PCI Express devices can be natively hot-plugged into PCI Express root ports.

3.1. Planning for Hot-Plugging

  • PCI Express hierarchy: you must leave a sufficient number of PCI Express root ports empty. You should use the multifunction PCI Express root ports (up to 8 ports per slot) on the root complex(es), in order to keep the hierarchy as flat as possible and to conserve PCI bus numbers.

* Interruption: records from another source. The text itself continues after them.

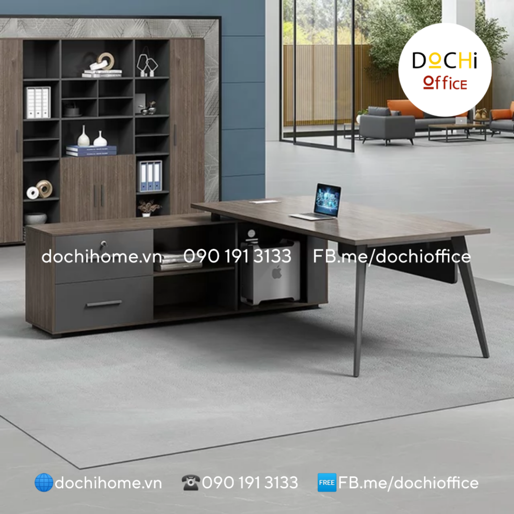 Bàn Làm Việc Giám Đốc DT016 sang trọng hình chữ L nhà DOCHI OFFICE với phong cách hiện đại khi có sự kết hợp giữa tủ gỗ và chân cone thép sơn tĩnh điện. Nếu ai quan tâm đến sự sang trọng, lịch lãm và nở mặt với khách hàng/ đối tác ghé thăm mang lại hiệu quả, thuận lợi trong công việc sở hữu chiếc bàn này là lựa chọn sáng suốt.
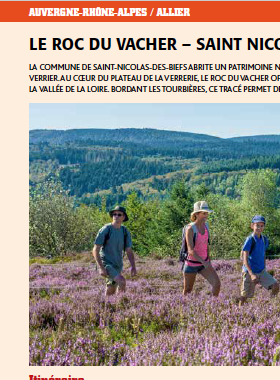 La commune de Saint-Nicolas-des-Biefs abrite un patrimoine naturel et culturel remarquable, avec ses paysages variés et son musée du verrier. Au cœur du Plateau de la Verrerie, le Roc du Vacher offre un panorama époustouflant sur les Monts Alpins. Le parcours domine la vallée de la Loire. Bordant les tourbières, ce tracé permet de découvrir des lieux uniques où poussent sphaignes et droséras.
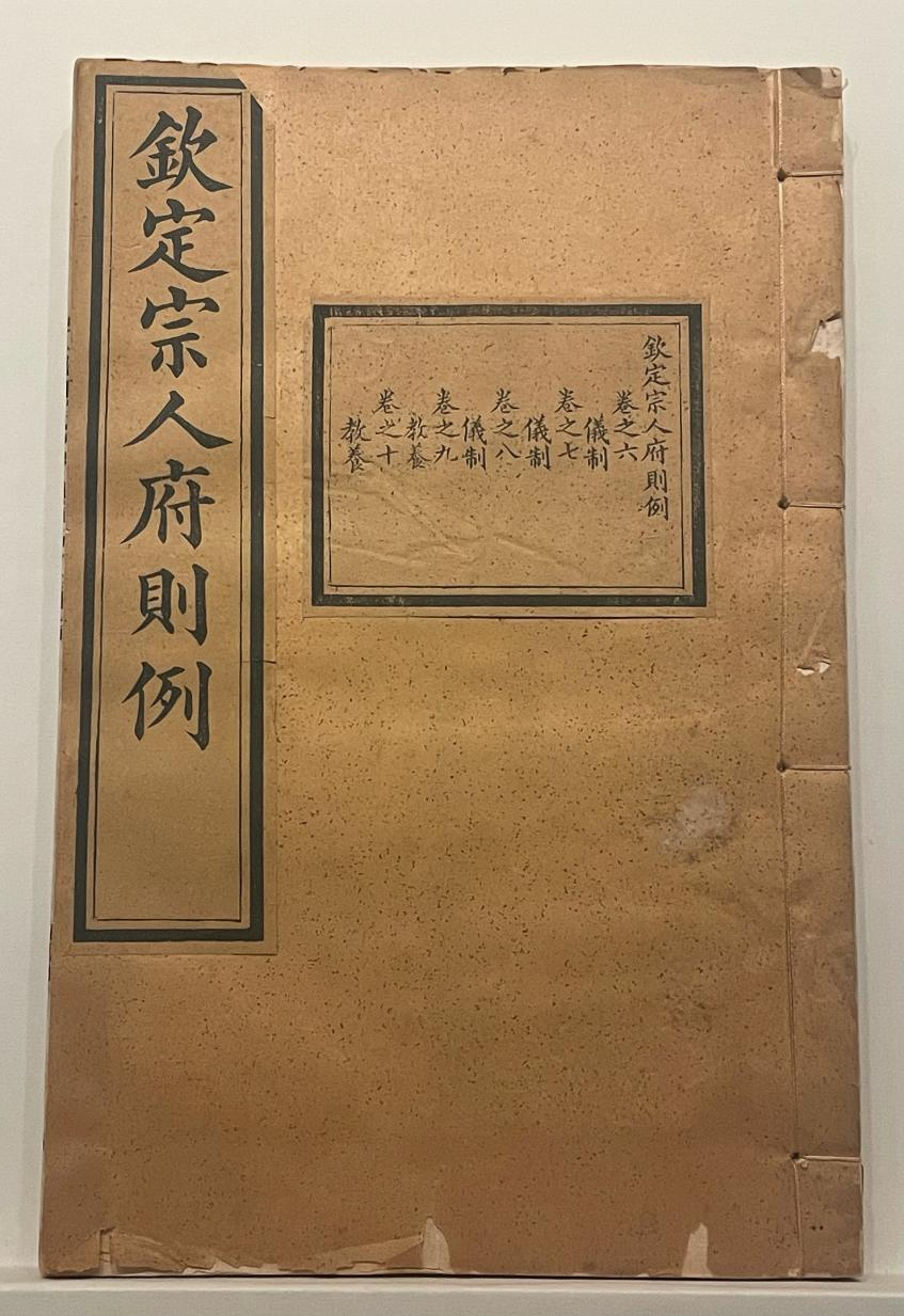 王朝更迭,机构可以继续沿用,但配套法律、管理制度均需再次商榷。《钦定宗人府则例》雕版和《钦定宫中现行则例》雕版正是清朝制定的一种规范性法律文件底版。“则例”是中国古代法律的称谓,有准则、定例之意。在清代,《则例》是中央各行政部门为行使具体职权而编修的办事章程,列出了该部门负责办理各项事宜的规则、流程、案例、条款等。《则例》使用雕版印刷可以极大保证字体、内容甚至是装潢都保持整齐划一的形制,在具有高度规范性的文件管理下,避免失范。

    When a Q35 domain is first created, libvirt automatically adds enough pcie-root-ports for all PCI Express devices, plus an extra, unused pcie-root-port that can be used for hot-plugging. After this point, libvirt does not make any attempt to keep extra pcie-root-ports available. If you want to ensure that you always have a slot available for hot-plugging, you must explicitly add another pcie-root-port after adding a new PCI Express device. If you add the extra pcie-root-port at the same time as the new device, libvirt will use the pcie-root-port you just added to connect the new device, instead of adding an additional pcie-root-port.

    Note that pcie-root-ports themselves cannot be hot-plugged. Therefore, unlike with the i440fx, the user or management application must plan ahead for hot-plugging, making sure that enough unused pcie-root-ports are available before starting the virtual machine. Adding a new pcie-root-port to the domain configuration is straightforward, because in most cases you will not need to change the default values. To add a pcie-root-port to the <devices> section, add the following:

      <controller type='pci' model='pcie-root-port'/>
    
  • PCI hierarchy: hot-plugging is not supported for PCI devices.

4. Device Assignment

Host devices are mostly PCI Express and should be plugged only into PCI Express root ports.

To determine whether a device is PCI Express, run # lspci -s 03:00.0 -v as root user:

03:00.0 Network controller: Intel Corporation Wireless 7260 (rev 83)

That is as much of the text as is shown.